Zdaniem włoskich dziennikarzy Tretiakow miał wiedzę niebezpieczną dla rządzącej Rosją ekipy Putina. Kontrolował wszystkie rosyjskie operacje wywiadowcze prowadzone w Nowym Jorku w latach 1995–2000. Wtedy zdradził Kreml i przeszedł na stronę USA, zadając tym Moskwie poważny cios.
W 2008 r. ukazała się książka amerykańskiego dziennikarza śledczego Pete’a Earleya z "Washington Post”. Opierając się na informacjach ujawnionych przez Tretiakowa, przedstawionego w książce jako "Towarzysz J.”, opisał on tajne operacje rosyjskiego wywiadu. Ujawnił m.in., że w Polsce działa wysoko postawiony agent rosyjskiego wywiadu o pseudonimie "Profesor”, który pracował dla Rosjan po 1989 r. i przekazywał im cenne informacje na temat Stanów Zjednoczonych i krajów europejskich.

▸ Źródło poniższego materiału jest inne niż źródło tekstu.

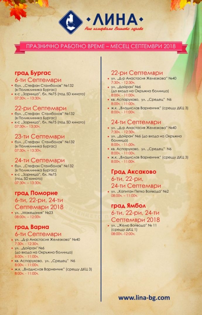 За удобство на жителите от областите Бургас, Варна и Ямбол, медицинска лаборатория „ЛИНА” ще осигури дежурни филиали по време на националните празници през месец септември.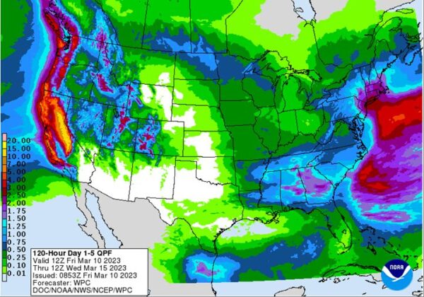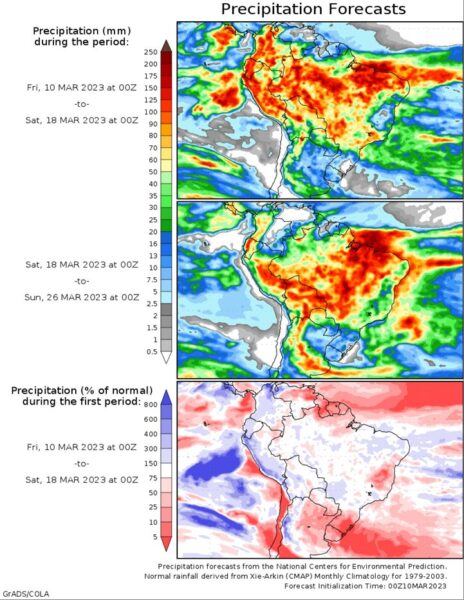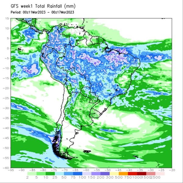 Brazil Grains & Oilseeds Forecast: Scattered showers continue for much of Brazil’s growing regions for the next week outside of Minas Gerais and Rio Grande do Sul, where showers will be more limited. Despite recent rains, many areas have made significant progress with regard to soybean harvest and corn planting. However, some areas are behind, somewhat significantly, and will expose more of the corn crop to the dry season which is forecast start up in April and frosts that may occur in June. Corn already in the ground will benefit from good soil moisture.

Jak wynika z ujawnionych przez WikiLeaks dokumentów, przed śmiercią Tretiakow korespondował z Fredem Burtonem, szefem Stratforu, jednej z agend CIA. 22 kwietnia 2010 r. Fred Burton cytował opinię Tretiakowa, w której twierdził on, że Rosjanie celowo utrudniali lądowanie polskiego samolotu w Smoleńsku, aby pokrzyżować plany uroczystości w Katyniu. Tretiakow twierdził też, że Rosjanie stoją za udanym zamachem na byłego prezydenta Pakistanu, który zginął w katastrofie lotniczej, i mają gotowe scenariusze zabójstw innych zachodnich przywódców, które mogą być zrealizowane, jeżeli zechce tego Putin.
– Władze rosyjskie faktycznie mogą mieć scenariusze działań skierowanych przeciwko prezydentom krajów nieprzyjaznych Rosji – komentuje Jurij Felsztynski.